Thang Tran Phenh (1895 – 1972) : l’illustrateur et le « passage du gué ».
Sont présentées ici onze aquarelles par l’artiste. Neuf conservées dans un même groupe. Deux, trouvées isolément.
La série des neuf aquarelles – chacune au même format (23,5 cm X 32,5 cm) -, unique, peut être datée des années 1930-35.
En 1931, le peintre, âgé dans son groupe de condisciples – puisqu’il atteint 36 ans alors que son co-lauréat Vu Cao Dam, par exemple a 23 ans – est diplômé de l’École des Beaux-Arts d’Hanoi (avec Tô Ngoc Van et Vu Cao Dam parmi d’autres, dans la deuxième promotion de l’École) et expose à l’Exposition Coloniale de Paris une gouache et encre sur soie (« La partie de cartes ») d’une certaine qualité sans tutoyer les sommets…
Dans notre série, l’artiste s’exprime dans un style souvent rencontré, à l’époque, de Saigon à Hanoi notamment dans la Presse. On « croque », on illustre plus qu’on ne crée…
Avant même son entrée aux « Beaux Arts », Thang Tran Phenh était connu pour ses travaux photographiques. Ici il prolonge sa pratique en usant de l’aquarelle, un medium peu utilisé par ses condisciples à l’époque, ceux-ci privilégiant l’huile sur toile, l’encre et gouache sur soie ou la laque.
Pour autant, il nous laisse un beau témoignage sur l’atmosphère du Hanoi de l’époque : le vendeur de phò, le diseur de bonne aventure (avec ses pièces), les transporteurs, les multiples vendeurs, les musiciens, les graveurs sur bois, les restaurateurs… Tout ce monde actif, qui fait la vie de la cité, près du pont Long Bien et du marché Dong Xuan.

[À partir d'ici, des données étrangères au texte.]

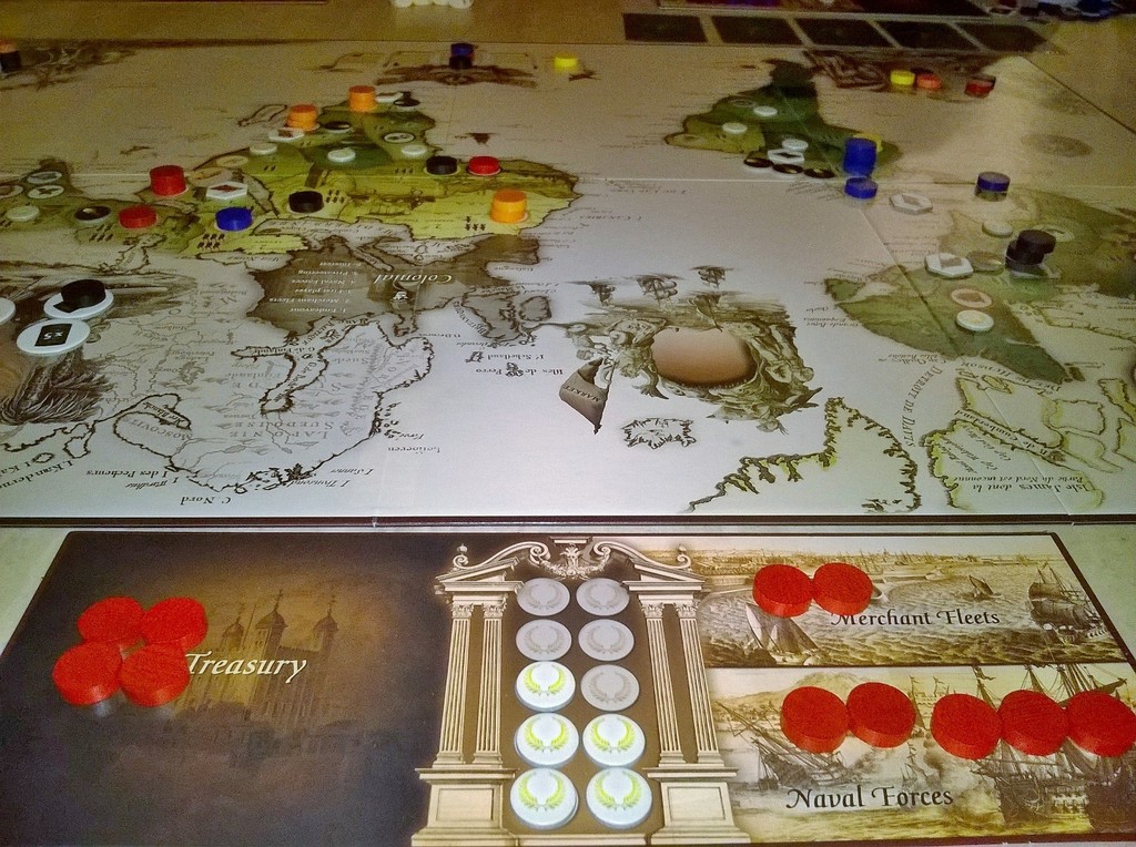 Finally in the four corners of the board are the Progress tracks – you can pay money to move up on these and make your Economy, Seafaring, Navy and Logistics problems easier to negotiate by creating better infrastructure in them.

Le « Vendeur de porc » et la « Leçon de calligraphie », du même format, mais non inclus dans la série des neuf complètent la description.
Le premier évoque à nouveau le peuple des rues et des campagnes, le second frappe par son message confucéen que vient confirmer la belle calligraphie du peintre dont la traduction est :
« La connaissance est le meilleur moyen de trouver sa place dans la société. Apprendre est ce qu’il y a de plus noble dans l’activité humaine ».
Entré peut-être trop tard, à l’âge de 31 ans, à l’École des Beaux-Arts d’Hanoi, Thang Tran Phenh n’a pas su s’imposer comme un peintre majeur. À l’école on fait l’apprentissage des techniques pas toujours du souffle que postule le grand large.
Thang Tran Phenh reste un excellent illustrateur, oui, mais pas un de ces artistes qui tutoient le divin, ceux de l’École des Beaux-Arts d’Hanoi qui surent franchir le gué, celui qui permet de franchir le fleuve, d’atteindre l’autre rive, celle du talent et quelque part de changer d’horizon. De la quinzaine de promotions, de 1930 à 1945 (j’y inclue les promotions inachevées suite au coup d’État japonais du 9 mars 1945) environ une quinzaine d’artistes sur environ 140 empruntèrent le gué, celui qui autorise la découverte.
Que celle-ci fut la France (Le Pho, Vu Cao Dam…) ou la profondeur de l’âme vietnamienne (Tô Ngoc Van, Nguyen Gia Tri…), c’est seulement la largeur du fleuve qui incombait.
Passer le gué…
Tous les anciens élèves de l’École des Beaux-Arts d’Hanoi ne l’ont pas réussi. Leurs noms sont connus des listes des élèves diplômés mais souvent aucune oeuvre n’est là pour témoigner de leur activité ; même si la sympathie rend indulgent, on constate que n’est pas maître qui veut.
Jean -François Hubert.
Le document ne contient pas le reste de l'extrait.